CHAPTER 36 Surgery
The signs of a good surgeon include a temperate, moderating disposition, coupled with a cautious utterance of prognoses. Such a surgeon is logical, and knows his or her spoken language so as to be able to communicate and understand their patients in both speech and written words. Their surgical opinions are supported by proper reasoning when needed. In addition, good surgeons have ingenious creativity with the ability to adapt to either unforeseen situations or complications. They are stern, yet fearful of unanticipated situations, and are constantly aware of the reality that the operation itself is but one incident, no doubt the most dramatic, in the constellation of events between the illness and expected recovery. This chapter deals with some of the unanticipated situations, complications, and surgical errors that confront surgeons.
Case 1.
The Arizona case of Murphy v. Board of Medical Examiners1 involves an insurance company Medical Director who made a “medical decision” that overruled the surgeon’s recommendation to perform a cholecystectomy, thereby denying precertification for treatment. On December 29, 1992, Dr. M contradicted the advice of the patient’s surgeon and her referring physician by refusing to precertify a patient’s laparoscopic cholecystectomy; he stated that the surgery was “not medically necessary.”
The Appellate Court ruled that although Dr. M was not engaged in the traditional practice of medicine, to the extent that he rendered medical decisions his conduct was reviewable by the Board of Medical Examiners. The Appellate Court found that Dr. M substituted his medical judgment for that of the patient’s surgeon and determined that the surgery was “not medically necessary.” The court ruled that such decisions were not insurance decisions but, rather, medical (surgical) decisions because they required Dr.
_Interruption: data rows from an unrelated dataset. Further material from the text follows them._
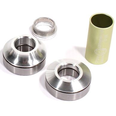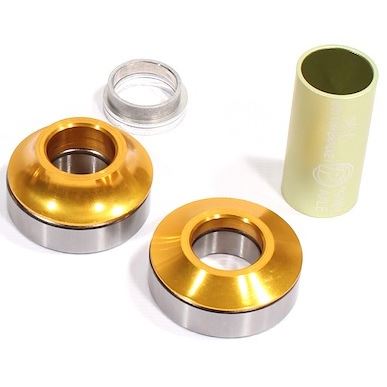 Bearings. Coloured cone spacers and spacer to fit Mid BB frames. Also fits Profile cups to work as a replacement set of bearings for US BB. Fits 19mm crank axles.
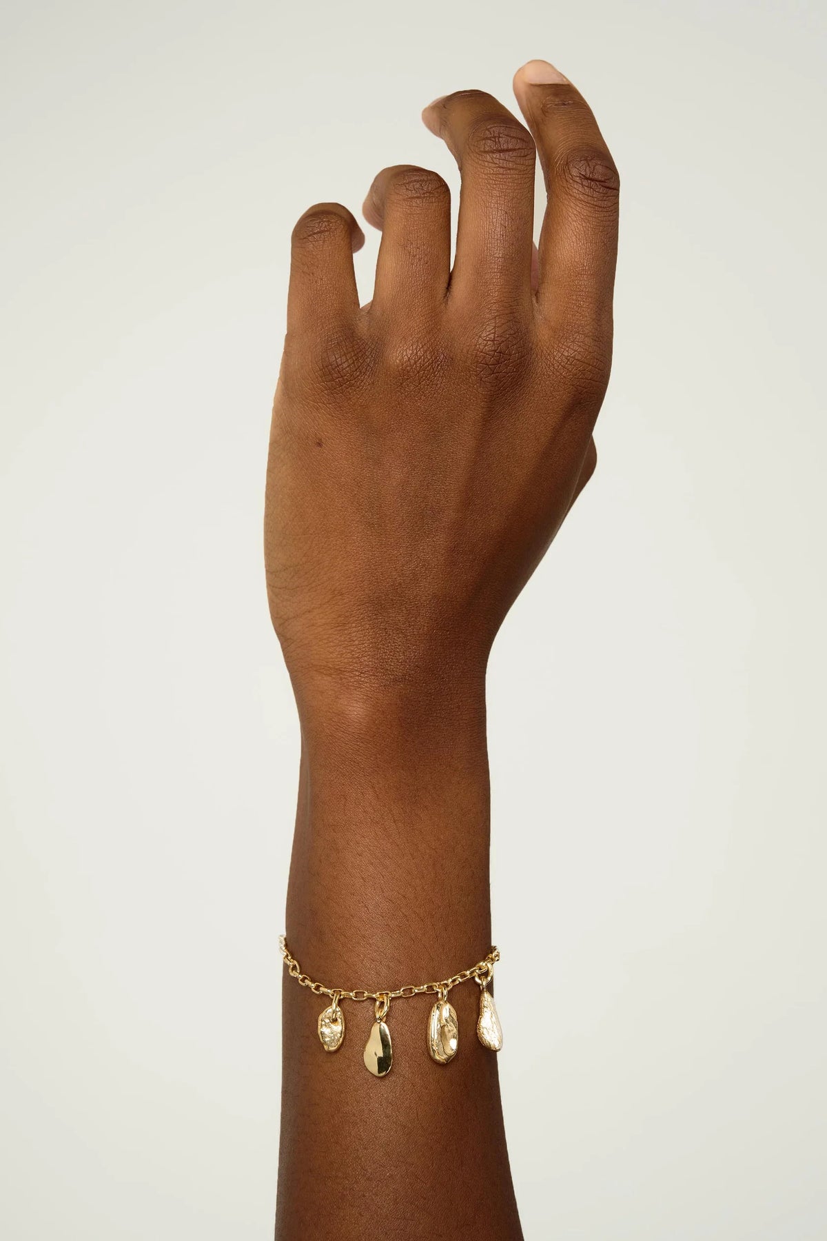 Featuring four individual sculpted charms with an organic form, each charm has its own character. The textured and polished surfaces of each charm catch the light beautifully, while the gold-tone link detail adds subtle contrast and a modern finishing touch. The bracelet also features a charming inscribed tag adding a distinctive designer touch.
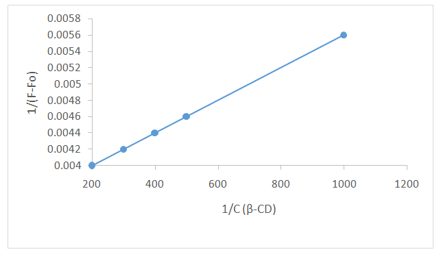 Fig. 2: Double reciprocal plot obtained from 1/(F-F0) plotted against 1/C β-CD

M to determine whether the procedure was “appropriate for the symptoms and diagnosis of the condition,” whether it was to be “provided for the diagnosis, care or treatment,” and whether it was “in accordance with standards of good medical practice in Arizona.”
Case 2.
The Louisiana case of Fusilier v. Dauterive2 involved a laparoscopic cholecystectomy. In 1989, plaintiff F was diagnosed by an abdominal ultrasound test to have a gallstone in her gallbladder. She elected not to have a cholecystectomy at that time. On May 8, 1990, plaintiff F visited for the first time Dr. D, a general surgeon, complaining of nausea, indigestion, epigastric discomfort, and fatty food intolerance. Repeat abdominal ultrasound confirmed the diagnosis of cholelithiasis. Dr. D initially treated the patient conservatively, by observation and symptomatic treatment. However, the plaintiff’s symptoms became more severe, and Dr. D discussed treatment alternatives and recommended surgery. Meantime, plaintiff F’s surgery was delayed because she developed congestive heart failure, which was treated by her family physician and improved.
On December 24, 1990, plaintiff F was discharged from the hospital. Five days later she was readmitted to the hospital with sepsis, internal herniation with infarction of the ileum, and significant adhesions in her abdomen. She underwent an abdominal exploration, relief of the abdominal adhesions, a small bowel resection, a right hemicolectomy, and an excision of her colostomy.
The jury verdict, which was in favor of the defendant surgeons and hospital, was affirmed by the court of appeal. However, the Supreme Court of Louisiana granted a writ of certiorari (i.e., accepted to review the case) to determine whether the jury’s determination that the defendant surgeon was not negligent in performing the surgery and that his negligence was not a cause of plaintiff’s injuries was erroneous. The Louisiana Supreme Court held that the jury’s determination was manifestly erroneous in finding that the defendant did not fail to inform the plaintiff of material risks to the surgery. And after reviewing all of the evidence and testimony, the court held that the jury was manifestly erroneous in concluding that Dr. D was not negligent. Accordingly, the Louisiana Supreme Court reversed the court of appeal’s decision to affirm the jury’s verdict and remanded this matter to the court of appeal to assess damages. In essence, the Supreme Court in a nice way informed the trial judge that he or she should have ruled as a matter of law that Dr. D was negligent, and that the jury’s role should have been to assess damages only.